A half-dozen complaints is not a big number. Sometimes there can be 1,000 or more e-mails in my in-box. Frequently these days, they are the result of campaigns inspired by media watchers.
But what I have more often found is that the truly vexing problems, the lingering ones that are hard to assess with any sense of confidence, the ones that illuminate the gap between what reporters and editors think they are doing and how portions of the public perceive those efforts, frequently are laid out by one or a handful of readers who bring something personal to their commentary. This is one of those issues. It has been raised before from time to time. But the juxtaposition of these two stories in the same paper provided a particularly obvious illustration.
From the newsroom, things look different. Robert McCartney, Metro's top editor, and two of the news editors who worked on these stories offered these points.
"The Mount Pleasant shooting merited bigger play because it was unusual in two major respects -- it was the first homicide in the neighborhood in two years, and it appears to have been a random killing of a passerby. The community is very upset about it. Race had nothing to do with this decision. In fact, the reporters and editors who decided to play the initial Mount Pleasant story on the Metro front did not know the victim was white." Last month, when a 46-year-old grandmother, who was black, was killed by a stray bullet, that story was on the Metro front page of Aug. 19, he said.
"Every homicide in the region is a tragedy, and we'd like to devote lots of coverage to every one. Resources are finite, however, and we have to make tough decisions based on journalistic judgments. We did so in this case. While it was not a factor at all in this specific decision, it's also true that when we give a lot of play to homicides and other crimes in certain jurisdictions, such as the District or Prince George's County, we often get a lot of criticism for focusing too much on crime," McCartney said.
In the Lanham case from Southeast, a desk editor said: "Police told us about the slaying Sunday night, nearly 20 hours after it happened, and we got all the information they would give us, which wasn't much. Rather than including the sparse details in the story about Shipe's slaying, we felt that Lanham's death would get more attention with a headline of its own, albeit in the briefs column. We ran all our usual checks and decided to treat Lanham's slaying as we do others that do not appear to have extenuating circumstances. In the Shipe slaying, we were also aided in our early reporting by [Jim] Graham, who called to let us know."

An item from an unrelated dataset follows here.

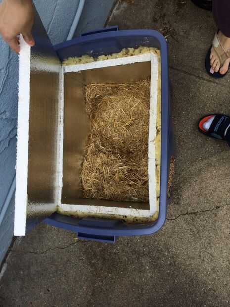 Las cosas que se necesita figuran a la derecha. Necesita una bañera Rubbermaid, algunos poliestireno aislamiento, algunos hay y una sierra. Usted tendrá que ver la espuma de poliestireno para que quede en la bañera Rubbermaid en todas las partes pero la parte superior. Necesita guardar un pedazo para la parte superior. Ahora necesita añadir el heno en la parte superior la espuma de poliestireno. Ahora, poner el la pieza guardada encima de las otras piezas. También necesita la tapa Rubbermaid para cerrar la casa. Ahora poner un ladrillo en la parte superior de Rubbermaid. El paso final es vi un agujero cuadrado de tamaño de un gato para que el gato puede obtener. Allí! Ahora usted tiene una casa de gato.

Another editor said, "The Mount Pleasant shooting was a natural whodunit crime story" and a mystery that would be of broad interest. "In the other case, had the victim been a juvenile, we would have pursued this apparently drug-related slaying more aggressively. We've been going into neighborhoods and writing stories about virtually every homicide victim 17 or under. But the city has had 138 homicides this year, and we do not write full-blown stories on each of them."
I side with The Post on this episode. As a reader, it seems to me that from what was known Sunday night, the Mount Pleasant shooting was the right decision for Metro's front page. And Metro has put many other crime-victim stories involving non-whites on its front page. But it is also true that a review of the clips shows that a vast number of murders in Southeast and other predominantly black areas wind up in the briefs or crime columns. It is probably true that some, or many, of these merited more coverage. A brilliant piece by Post writer Kevin Merida in August explored the complexity of one such murder.
Today, not many, if any, reporters and editors live in such areas. Not many newspapers, including The Post, have the levels of diversity that really put a paper in better touch with all its readers, and with sources in these communities who can be reached on deadline. The complaints of a half-dozen readers may be explained in this case. But they are a warning of a powerful disconnect that needs attention.